— ABOUT THIS EXERCISE —
Please output every record below exactly as written, leaving out any pictures.
=== Begin Enclosure ===
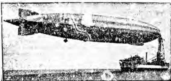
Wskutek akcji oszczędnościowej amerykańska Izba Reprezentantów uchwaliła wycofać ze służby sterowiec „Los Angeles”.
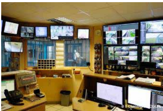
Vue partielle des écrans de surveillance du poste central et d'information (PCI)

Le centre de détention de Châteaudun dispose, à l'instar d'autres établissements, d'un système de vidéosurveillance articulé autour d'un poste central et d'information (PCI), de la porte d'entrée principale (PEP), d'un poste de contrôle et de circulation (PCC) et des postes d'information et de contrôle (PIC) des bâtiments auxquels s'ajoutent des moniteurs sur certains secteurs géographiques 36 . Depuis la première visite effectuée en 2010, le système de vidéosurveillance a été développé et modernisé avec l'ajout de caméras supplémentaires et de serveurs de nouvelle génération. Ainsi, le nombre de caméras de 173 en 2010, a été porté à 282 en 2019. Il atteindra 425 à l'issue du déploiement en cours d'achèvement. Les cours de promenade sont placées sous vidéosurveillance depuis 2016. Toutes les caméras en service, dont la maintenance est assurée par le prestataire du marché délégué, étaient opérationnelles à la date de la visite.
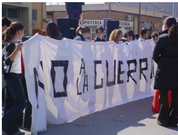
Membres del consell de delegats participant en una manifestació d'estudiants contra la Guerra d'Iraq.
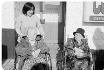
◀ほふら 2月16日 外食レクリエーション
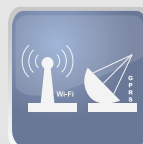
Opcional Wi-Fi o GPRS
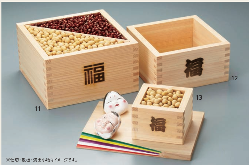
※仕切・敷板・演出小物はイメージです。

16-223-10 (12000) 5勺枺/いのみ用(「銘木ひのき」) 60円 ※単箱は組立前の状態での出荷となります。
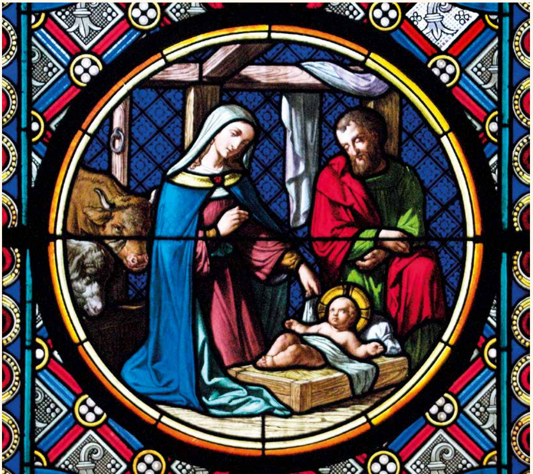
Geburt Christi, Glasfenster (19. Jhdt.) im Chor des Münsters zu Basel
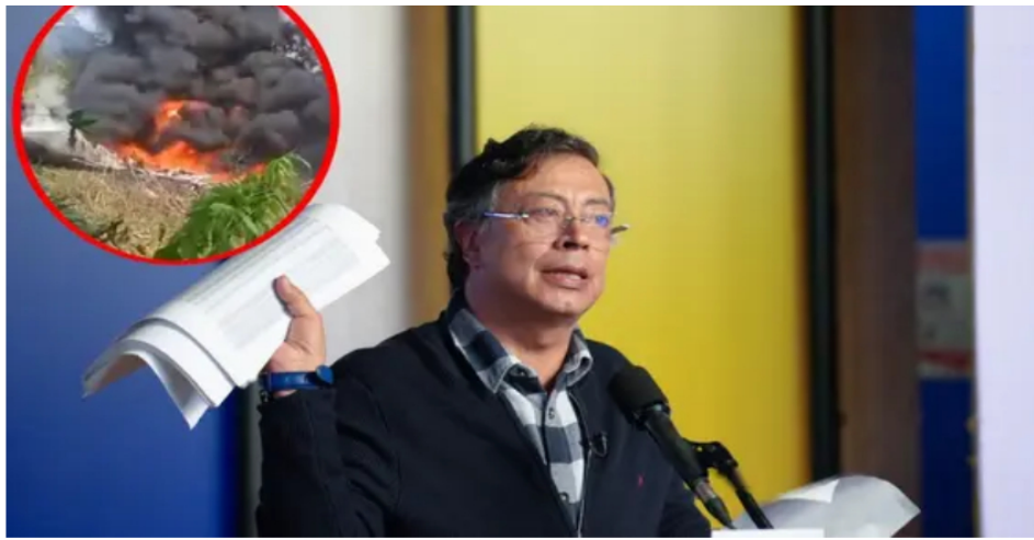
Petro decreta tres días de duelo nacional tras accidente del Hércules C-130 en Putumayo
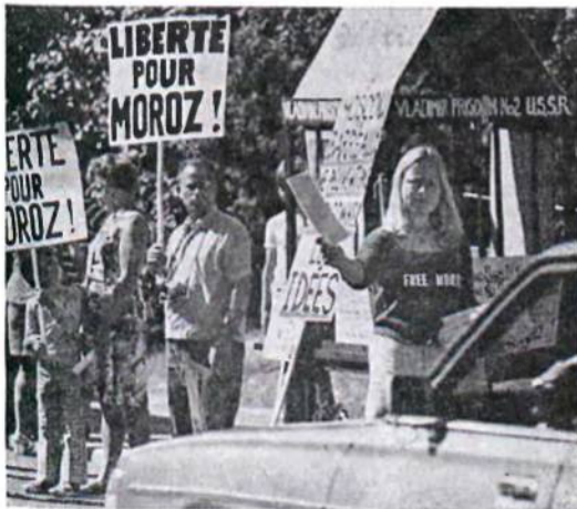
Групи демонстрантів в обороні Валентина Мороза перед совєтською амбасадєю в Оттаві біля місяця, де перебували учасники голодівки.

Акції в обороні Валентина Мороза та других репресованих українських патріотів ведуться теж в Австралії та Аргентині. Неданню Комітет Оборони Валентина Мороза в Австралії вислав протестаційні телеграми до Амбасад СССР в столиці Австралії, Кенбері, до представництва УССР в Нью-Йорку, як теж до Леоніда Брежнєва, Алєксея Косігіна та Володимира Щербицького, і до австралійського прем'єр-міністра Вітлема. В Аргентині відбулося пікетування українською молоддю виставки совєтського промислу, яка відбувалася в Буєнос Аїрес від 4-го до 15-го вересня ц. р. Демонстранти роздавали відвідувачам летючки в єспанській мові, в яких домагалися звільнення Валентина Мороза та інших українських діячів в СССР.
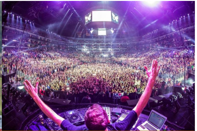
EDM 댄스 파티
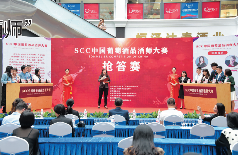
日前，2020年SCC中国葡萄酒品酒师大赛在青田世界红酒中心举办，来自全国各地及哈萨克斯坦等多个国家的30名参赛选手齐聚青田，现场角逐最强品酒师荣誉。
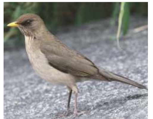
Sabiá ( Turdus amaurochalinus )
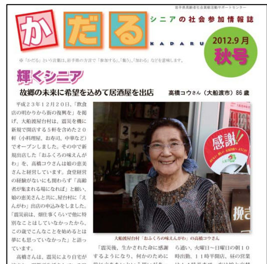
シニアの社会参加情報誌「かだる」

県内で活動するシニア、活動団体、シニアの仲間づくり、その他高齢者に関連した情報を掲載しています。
=== End Enclosure ===
— WRITTEN RESPONSE —
Wskutek akcji oszczędnościowej amerykańska Izba Reprezentantów uchwaliła wycofać ze służby sterowiec „Los Angeles”.
Vue partielle des écrans de surveillance du poste central et d'information (PCI)

Le centre de détention de Châteaudun dispose, à l'instar d'autres établissements, d'un système de vidéosurveillance articulé autour d'un poste central et d'information (PCI), de la porte d'entrée principale (PEP), d'un poste de contrôle et de circulation (PCC) et des postes d'information et de contrôle (PIC) des bâtiments auxquels s'ajoutent des moniteurs sur certains secteurs géographiques 36 . Depuis la première visite effectuée en 2010, le système de vidéosurveillance a été développé et modernisé avec l'ajout de caméras supplémentaires et de serveurs de nouvelle génération. Ainsi, le nombre de caméras de 173 en 2010, a été porté à 282 en 2019. Il atteindra 425 à l'issue du déploiement en cours d'achèvement. Les cours de promenade sont placées sous vidéosurveillance depuis 2016. Toutes les caméras en service, dont la maintenance est assurée par le prestataire du marché délégué, étaient opérationnelles à la date de la visite.
Membres del consell de delegats participant en una manifestació d'estudiants contra la Guerra d'Iraq.
◀ほふら 2月16日 外食レクリエーション
Opcional Wi-Fi o GPRS
※仕切・敷板・演出小物はイメージです。

16-223-10 (12000) 5勺枺/いのみ用(「銘木ひのき」) 60円 ※単箱は組立前の状態での出荷となります。
Geburt Christi, Glasfenster (19. Jhdt.) im Chor des Münsters zu Basel
Petro decreta tres días de duelo nacional tras accidente del Hércules C-130 en Putumayo
Групи демонстрантів в обороні Валентина Мороза перед совєтською амбасадєю в Оттаві біля місяця, де перебували учасники голодівки.

Акції в обороні Валентина Мороза та других репресованих українських патріотів ведуться теж в Австралії та Аргентині. Неданню Комітет Оборони Валентина Мороза в Австралії вислав протестаційні телеграми до Амбасад СССР в столиці Австралії, Кенбері, до представництва УССР в Нью-Йорку, як теж до Леоніда Брежнєва, Алєксея Косігіна та Володимира Щербицького, і до австралійського прем'єр-міністра Вітлема. В Аргентині відбулося пікетування українською молоддю виставки совєтського промислу, яка відбувалася в Буєнос Аїрес від 4-го до 15-го вересня ц. р. Демонстранти роздавали відвідувачам летючки в єспанській мові, в яких домагалися звільнення Валентина Мороза та інших українських діячів в СССР.
EDM 댄스 파티
日前，2020年SCC中国葡萄酒品酒师大赛在青田世界红酒中心举办，来自全国各地及哈萨克斯坦等多个国家的30名参赛选手齐聚青田，现场角逐最强品酒师荣誉。
Sabiá ( Turdus amaurochalinus )
シニアの社会参加情報誌「かだる」

県内で活動するシニア、活動団体、シニアの仲間づくり、その他高齢者に関連した情報を掲載しています。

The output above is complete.